The subterranean world can be a place of fantasy, therefore, where the ordinary conditions of living are turned upside down. In the nineteenth century it was seen as a sanctuary for criminals, for smugglers, and for what were known as “night wanderers”; the cellars and tunnels beneath the ground were described as “hidden haunts
of vice” populated by “the wild tribes of London” or the “City Arabs.” They were supposed to harbour a criminal “underworld” that emerged only at night. According to John Hollingshead, the author of
Underground London
(1862), the tunnels were “black and dangerous labyrinths for the innocent stranger.”

But the underworld can also become a place of romance, where the childhood impulse to hide can be indulged to the wildest extent. The idea of secret passages, of mysterious entrances and exits, of retreat and concealment, possesses an incurable charm.

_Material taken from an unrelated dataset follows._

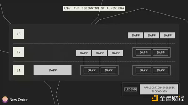 Layer 2 (L2) 通過降低 gas 費用和增加吞吐量來提高以太坊的可擴展性。由于這些可擴展性因素,以及存在的權衡,L2 必須選擇針對特定項目進行優化。Layer 3 (L3)是基于 L2 構建的特定于應用的區塊鏈,旨在減輕這些權衡并進行更多改進。它們類似于 Cosmos、Avalanche 和 Polkadot 等應用鏈環境,但受益于構建在模塊化區塊鏈協議棧而不是單體鏈協議棧上。因此,部署一個完全模塊化的區塊鏈基礎設施堆棧,包括一個通用的 L2 以及可定制的 L3,將標志著單體應用鏈生態系統時代的結束,以及去中心化應用開發新時代的開始。
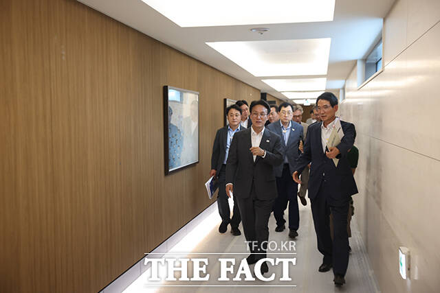 [더팩트ㅣ임영무 기자] 김민석 국무총리(왼쪽 두 번째)가 15일 오후 경북 경주 2025 APEC 정상회의 준비 현장을 찾아 숙박시설 및 서비스 준비 현황을 점검하고 있다.

Yet if we are not found, in the game of hide-and-seek, what then? What if we were left alone in the darkness, our companions gone into the light?

U
nderground chambers and tunnels have been formed, and found, over the centuries. There are extensive catacombs in
Camden Town, beneath Camden Market, and prehistoric tunnels are to be found under
Greenwich Park. A German traveller of the eighteenth century noted that “one third of the inhabitants of London live under ground”; by which he meant that the poor dwelled in the curious basements or “cellar dwellings” that were once so common in the city. They were entered by steps leading down from the street to a well “which was supposed to be closed at nightfall by a flap.” The poor were thus consigned to the lowest level. The
vagrants of London often lived under bridges and under arches, replicating the conditions beneath the ground.

The
Adelphi arches, just south of the Strand, once offered a glimpse of an old underworld. The Adelphi itself was built in the 1770s upon a series of
vaults and arches that were described as “a reminder of the Etruscan cloaca of old Rome.” In the nineteenth century these became a haven for criminals and beggars. It was reported in the public prints that assassins were concealed “in the dark arches,” such as those that make up
Lower Robert Street, exploiting the passageways, tunnels, precipitous steps, sudden turnings and high-arched doorways. Horses did not like to venture through them. Stalactites hung from their roofs. Cows were stabled there, and passed their lives in darkness.